Experimental and computational pipeline for the rationalization of the GPCR activation mechanism and the allosteric network connecting the OBS and the IBS. NMR spectra were adapted from Abiko et al.

Figure 6.

Example of GPCR dimerization leading to a change in the OBS and IBS conformations. At the bottom, the red arrows show the structural detail of the conformational rearrangement of the CCR5’s OBS (on the right) and IBS (on the left) in CCR5-CXCR4 heterodimer and CCR5 homodimer, respectively. In CCR5-CXCR4 dimer, the presence of CXCR4 induces a partial closure of the OBS, thus hampering ligand entry. On the other hand, in CCR5 homodimer, the volume of the IBS of one protomer increases due to the interaction with the other. Figures adapted from Di Marino et al.. The GPCRs forming the dimer are shown as light blue and green cartoons, whereas the corresponding inactive protomer is shown in yellow overlapped with the light blue protomer of the dimers for comparison.

Figure 7.

Distinct lipid interaction mechanisms across the GPCR family.
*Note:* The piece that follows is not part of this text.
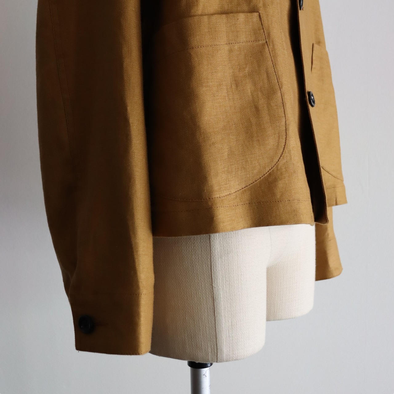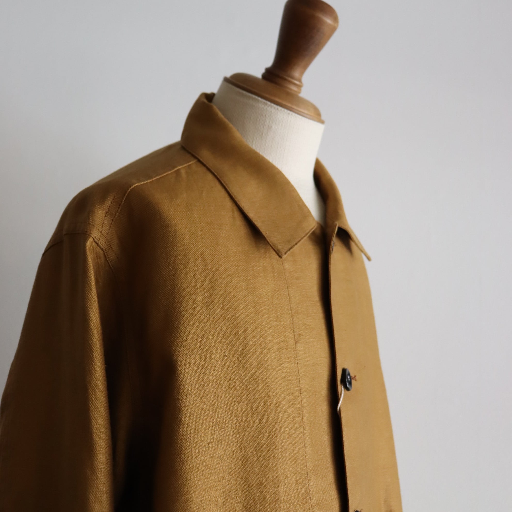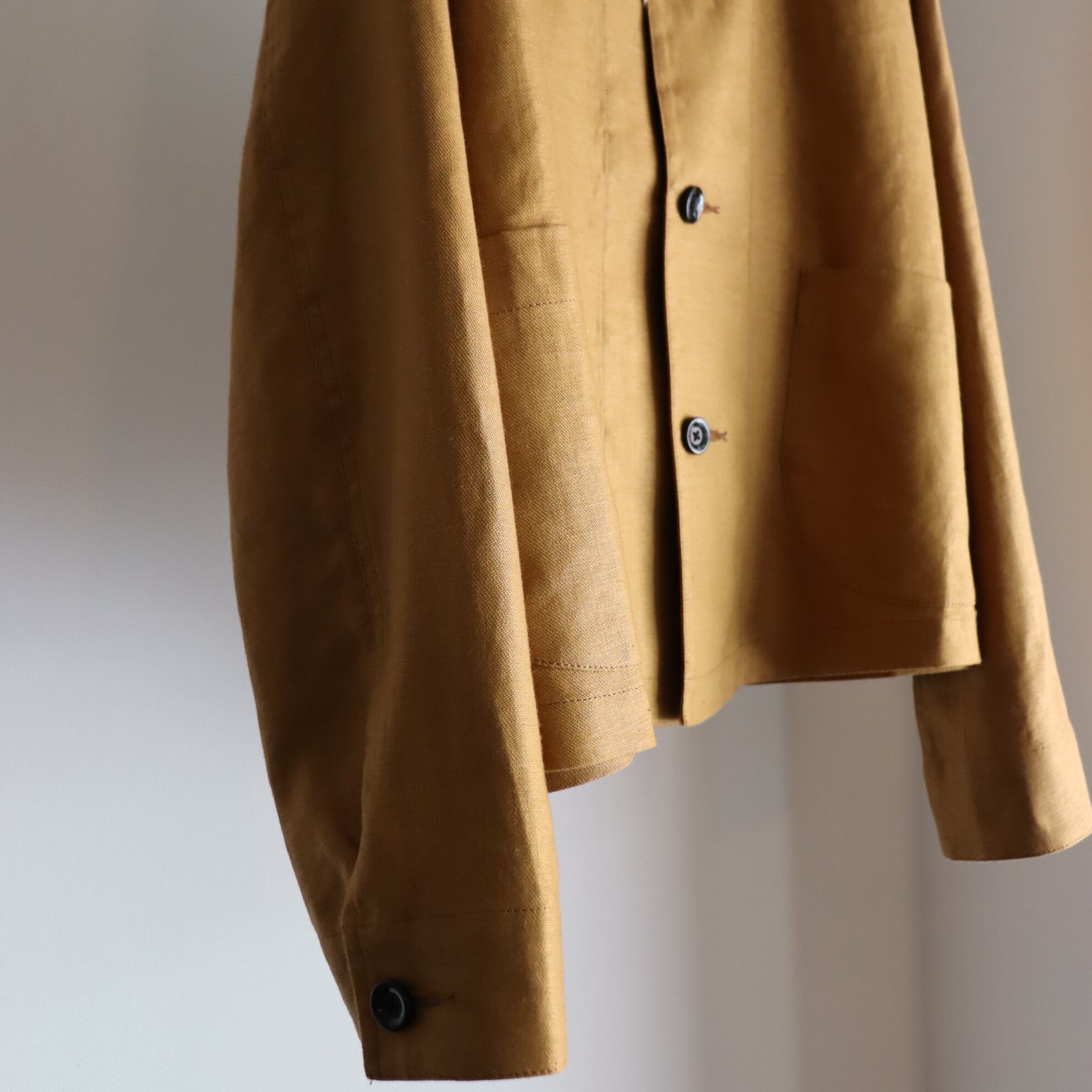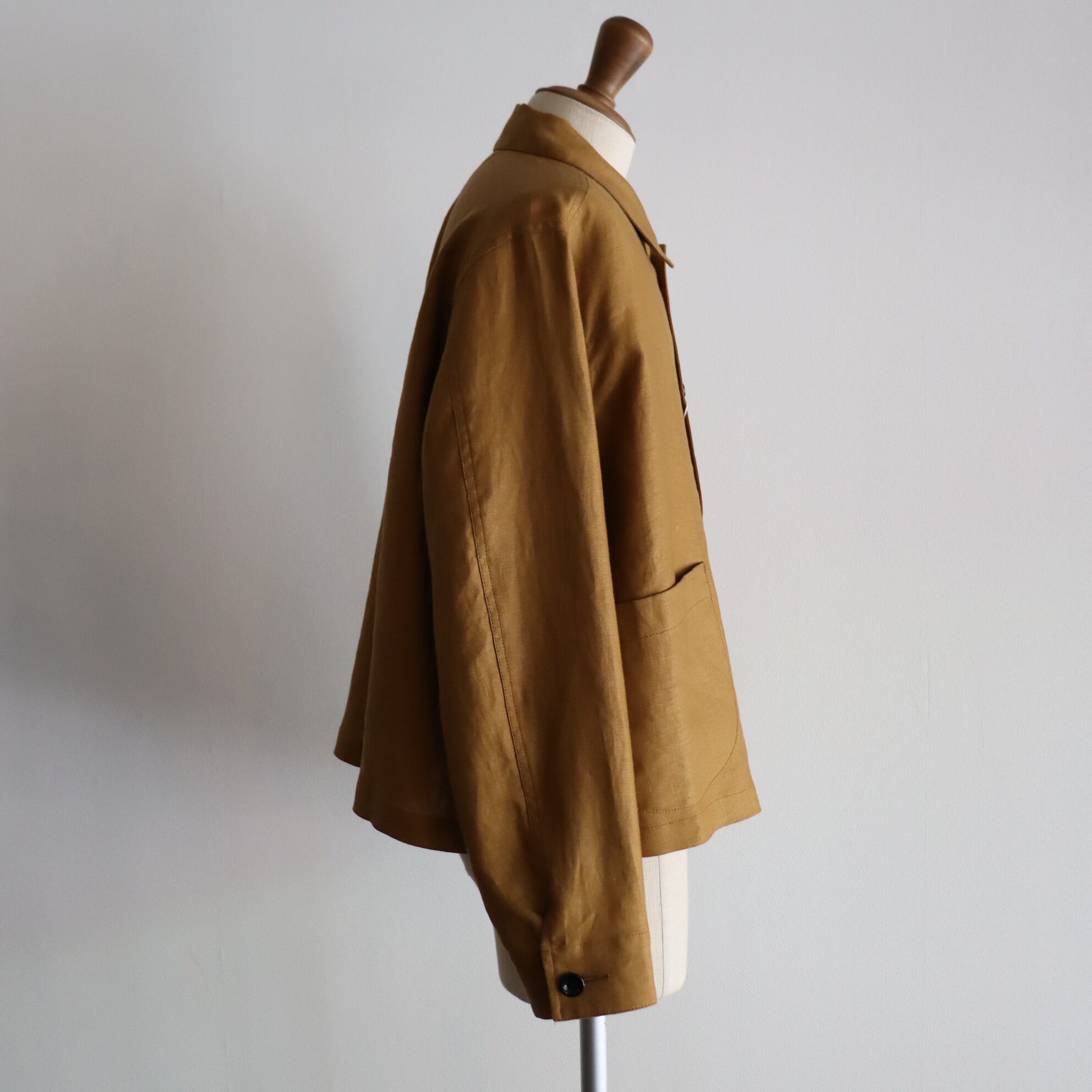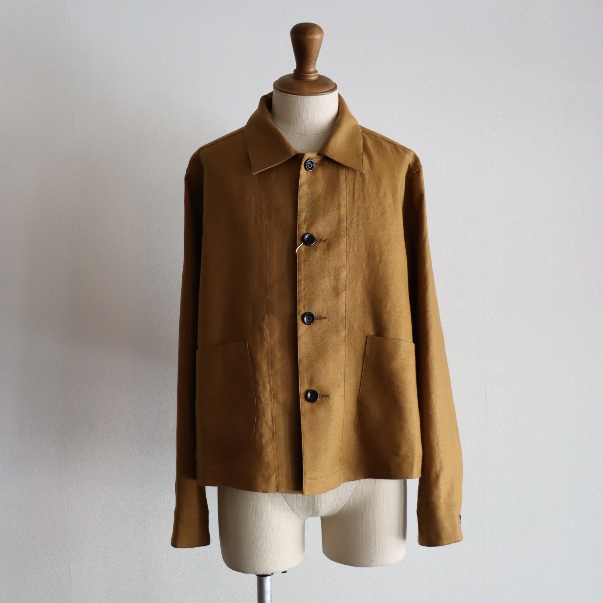 胸、肩甲骨あたりはタイトめ、脇下から裾はゆとりがあり、きつめの肩傾斜や袖山の高さなど50年代フランスワークジャケットをボディファイしたワークJKT。

Structures of the Class A serotonin (5-HT_1A, PDB: 7E2X) and neurotensin (NTSR1, PDB: 6UP7) receptors in complex with phosphatidylinositol-4-phosphate (PI(4)P) and the phosphatidylinositol-4,5-bisphosphate (PI(4,5)P₂) headgroup, which aid binding of G protein and β-arrestin effector proteins.^, Interaction of the Class B1 glucagon receptor (GCGR, PDB: 5XEZ) with PI(4,5)P₂, as observed in MD simulations (adapted from Ansell et al.).